You are viewing a single comment's thread from:

RE: LeoThread 2024-10-29 05:12

in LeoFinance3 months ago

Nvidia ethernet technology boosts Elon Musk’s world-class AI training system

Elon Musk recently stated that xAI’s Colossus supercomputer is the “most powerful AI training system in the world.”

US chipmaker Nvidia announced on Monday, October 28, that it has helped Elon Musk’s xAI expand its Colossus supercomputer.

The Colossus supercomputer cluster is now recognized as the largest AI training cluster in the world.

Thanks partly to Nvidia’s Spectrum-X ethernet networking technology, xAI can take its ChatGPT-rivaling Grok AI to new levels.

#nvidia #elonmusk #ai #xai #colossus #supercomputer #technology

Sort:  

Grok AI: Can generative AI decipher the meaning of life?
Founded by Elon Musk last year, xAI is a startup that provides a service similar to Open AI’s ChatGPT. In a move typical of Musk, the company has a superb mission goal that strikes the core of our existence. That goal, the company says, is to use generative artificial intelligence “to understand the true nature of the universe.”

Key to achieving that goal is xAI’s Colossus supercomputer. The impressive computing powerhouse was built in Memphis, Tennessee, to train the third generation of Grok. xAI’s Grok is a large language model AI, much like Open AI’s ChatGPT. It is available to premium X (formerly Twitter) subscribers.

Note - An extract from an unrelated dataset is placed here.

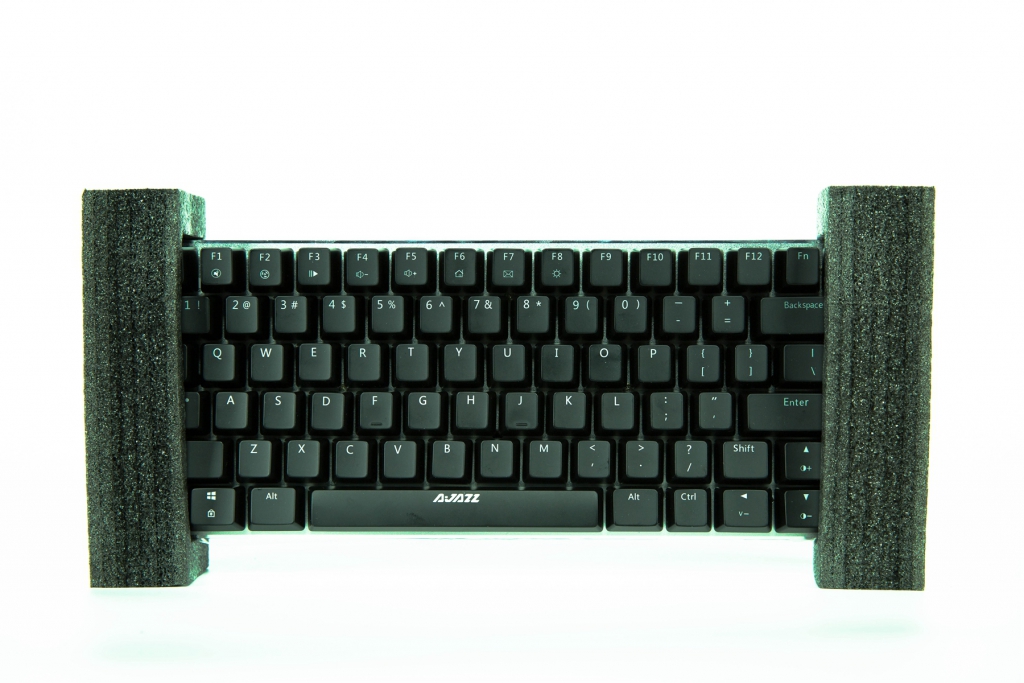 内盒包装内部两端使用泡沫衬垫对键盘进行加固保护,并且在键盘上套有白色泡沫膜。(用了几天不知道膜扔到哪了。囧)
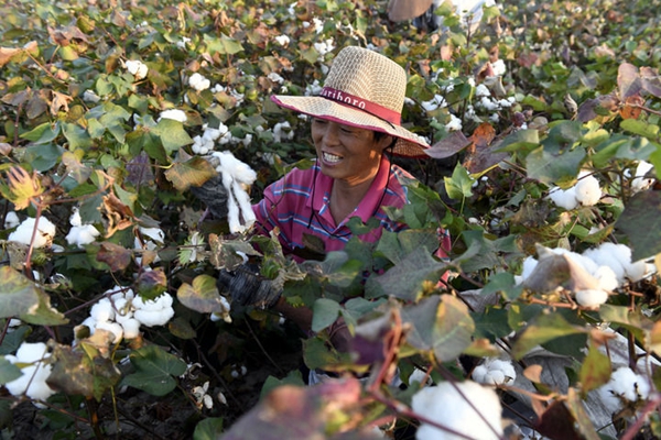 ??????金秋時節,產棉大縣山東省濱州市無棣縣西小王鎮6萬畝鹽堿地棉花進入采收季。9月28日,山東省濱州市無棣縣西小王鎮棉農在采收新棉。新華社記者 范長國 攝

Impressively, xAI completed Colossus in just 122 days. It then began training its first models 19 days after the installation. According to Nvidia, these systems often take many months or even years to make.

Much like ChatGPT, Grok’s large language models are trained by analyzing massive amounts of data, requiring vast computing power. The data used includes text, images, and other content most often procured online.

In a recent post on X, Elon Musk said, “Colossus is the most powerful AI training system in the world. Moreover, it will double in size to 200k (50k H200s) in a few months. Excellent work by the [xAI] team, NVIDIA, and our many partners/suppliers.”

Now, Nvidia is helping xAI to take the world’s most powerful AI training cluster to the next level. In its statement on Monday, the US tech giant said it will help Elon Musk’s xAI double Colossus’s capacity to 200,000 GPUs.

The world’s most advanced AI chatbot
The Colossus AI training cluster comprises an interconnected network of 100,000 NVIDIA Hopper GPUs. These use a unified Remote Direct Memory Access network.

The network uses Nvidia’s Spectrum-X technology for low latency. Data moves directly between nodes without being rerouted toward the operating system, allowing Colossus to process the massive amounts of data required to train Grok.

“Across all three tiers of the network fabric, the system has experienced zero application latency degradation or packet loss due to flow collisions,” Nvidia explained in its statement. “It has maintained 95% data throughput enabled by Spectrum-X congestion control.”

Nvidia describes Spectrum-X as the world’s first ethernet networking platform for generative AI.

Theoretically, with Nvidia’s help, the combined Colossus array could eventually achieve about 497.9 exaflops (497,900,000 teraflops). This would set a new benchmark in supercomputing power and make Grok the most impressive AI chatbot on the planet.